START Collected material
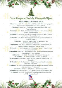 All’Oasi dei Discepoli, residenza per anziani, il periodo natalizio sarà arricchito da tante iniziative pensate per rendere queste settimane ancora più speciali. Musica, laboratori, incontri
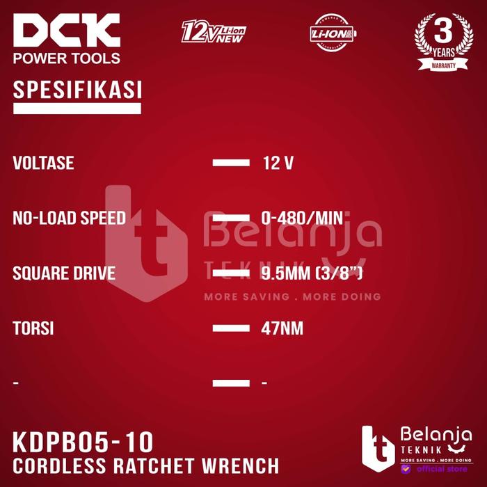 DCK Ratchet Cordless KDPB05-10EK Rachet Sock Wrench 12V Socket Sok 3/8 1 Baterai
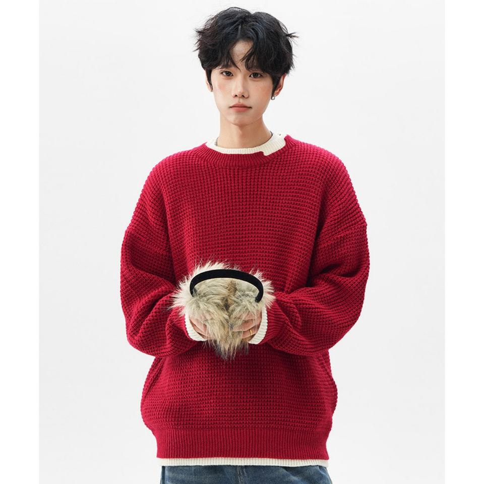 เสื้อสเวตเตอร์ถักแบบหนา ระบายอากาศได้ดี สไตล์มินิมอล คอเสื้อแบบสตรีท ทรงโอเวอร์ไซส์ แบบสองชิ้นหลอกๆ สำหรับฤดูใบไม้ร่วงและฤดูหนาว สำหรับทั้งชายและหญิง
END Collected material
### What is needed
Omit pictures; set down the rest of the material word for word.

### Output of the task
 All’Oasi dei Discepoli, residenza per anziani, il periodo natalizio sarà arricchito da tante iniziative pensate per rendere queste settimane ancora più speciali. Musica, laboratori, incontri
 DCK Ratchet Cordless KDPB05-10EK Rachet Sock Wrench 12V Socket Sok 3/8 1 Baterai
 เสื้อสเวตเตอร์ถักแบบหนา ระบายอากาศได้ดี สไตล์มินิมอล คอเสื้อแบบสตรีท ทรงโอเวอร์ไซส์ แบบสองชิ้นหลอกๆ สำหรับฤดูใบไม้ร่วงและฤดูหนาว สำหรับทั้งชายและหญิง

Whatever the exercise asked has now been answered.